1:33:29So through the, through our use of technology, we can offer our services at, uh, much, uh, much lower cost. And we can actually give to our customers the difference so that you're actually at a financial disadvantage using any other product than Robinhood. Um, so yeah, I think, unfortunately it's not as simple as like go free trading or not commissions. We, we do make money in other ways, but generally using, using Robinhood should be cheaper, higher value, more cost effective across our entire product suite than any of our competitors.

1:34:06Why do you think your credit card was so successful? Like everybody has a credit card. Yeah. There's a hundred different ones. They're super, it's, it's almost like when I saw how simple yours was in a way, I was like, Oh my God, this is like Steve jobs coming back to Apple, taking 400 product lines and making like, no, we're doing four computers or simplifying everything. It's easy to explain the value prop 3% cash back on all categories. Right. And if you're a credit card nerd, which many people are, if you're like one of those people that follows the points guy, um, there's some higher businesses like related to like just optimizing points.

1:34:43Yeah. I mean, but you know, a lot of people don't want to play that game either. And they want to say, okay, I don't want to spend my time working in spreadsheets and figuring out, okay, if I spend this much on travel, I use this one card. And for my groceries, I use that. And for my gas, I use this. Um, so this very, very compelling value proposition is say 3% on all categories, because what that allows you to do as a, as a spender is to say, this is just my default card.

1:35:13I'm just gonna, I'm just gonna, this is gonna be at the top of my wallet. Sure. I have the opportunity, the ability to do more work. If I wanted to do more work, maybe I'll pull out some other cards for other scenarios. But I also know that if I don't want to think about it, this card is, is really good in general as a default. And I think, I mean, in, in some cases, if you look at the really successful e-commerce companies like an Amazon, what they've been able to do is do such a good job that they've become the default place you go to buy stuff.

1:35:48Yeah. And sure. Maybe at this point, if you want a comparison shop and you want to buy a new belt and you really wanted to like save on, on the belt, you could probably find it cheaper somewhere else.
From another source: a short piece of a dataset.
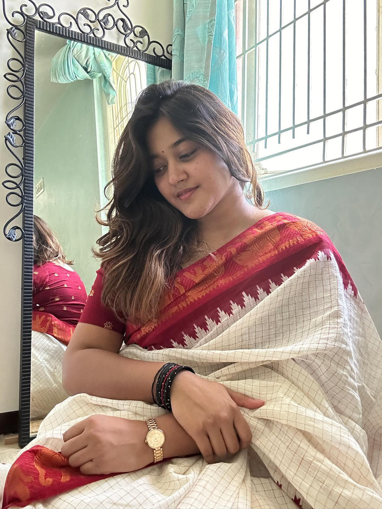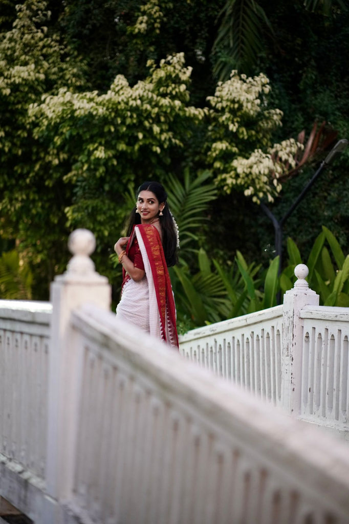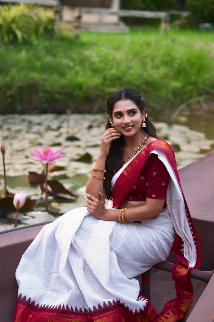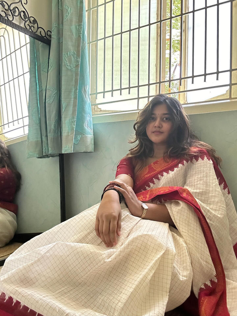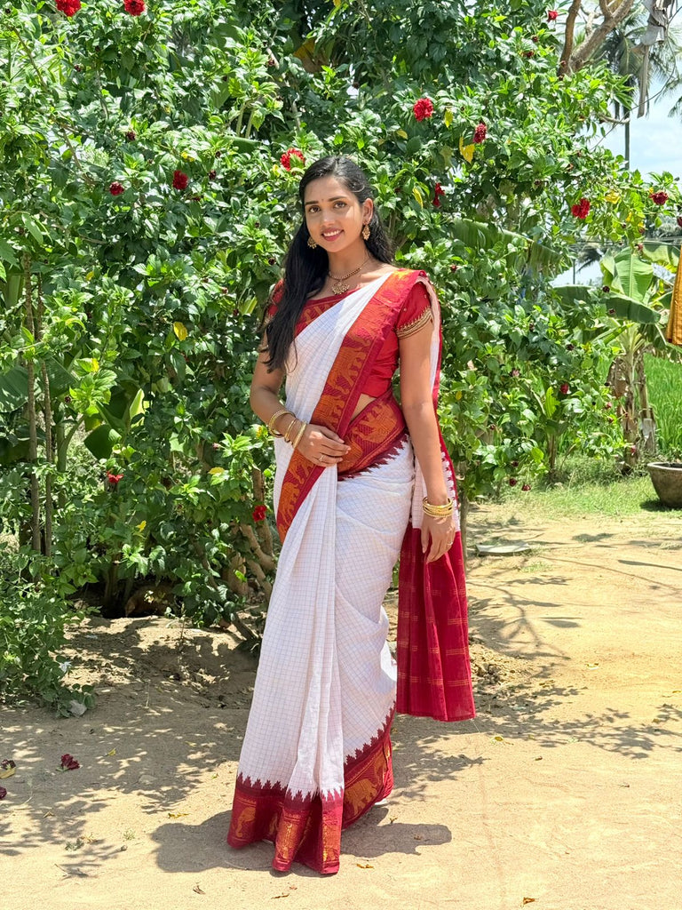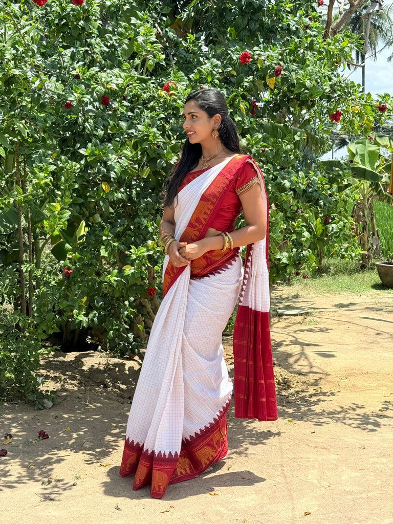 Madurai Sungudi Cotton Zari Kattam in a Beautiful shade of White and Red detailed with Zari checkered body and Zari detailed contrast Red Border and Pallu.

But they do a good enough job and they serve you well for such a large majority of things that they become the first option. And I think that's what we've been able to achieve with the credit card. And, you know, even, even though it's still, even though it's still not completely generally available, we do have over half a million cardholders and we're among the fastest growing credit cards.

1:36:28Um, and you know, more people keep joining.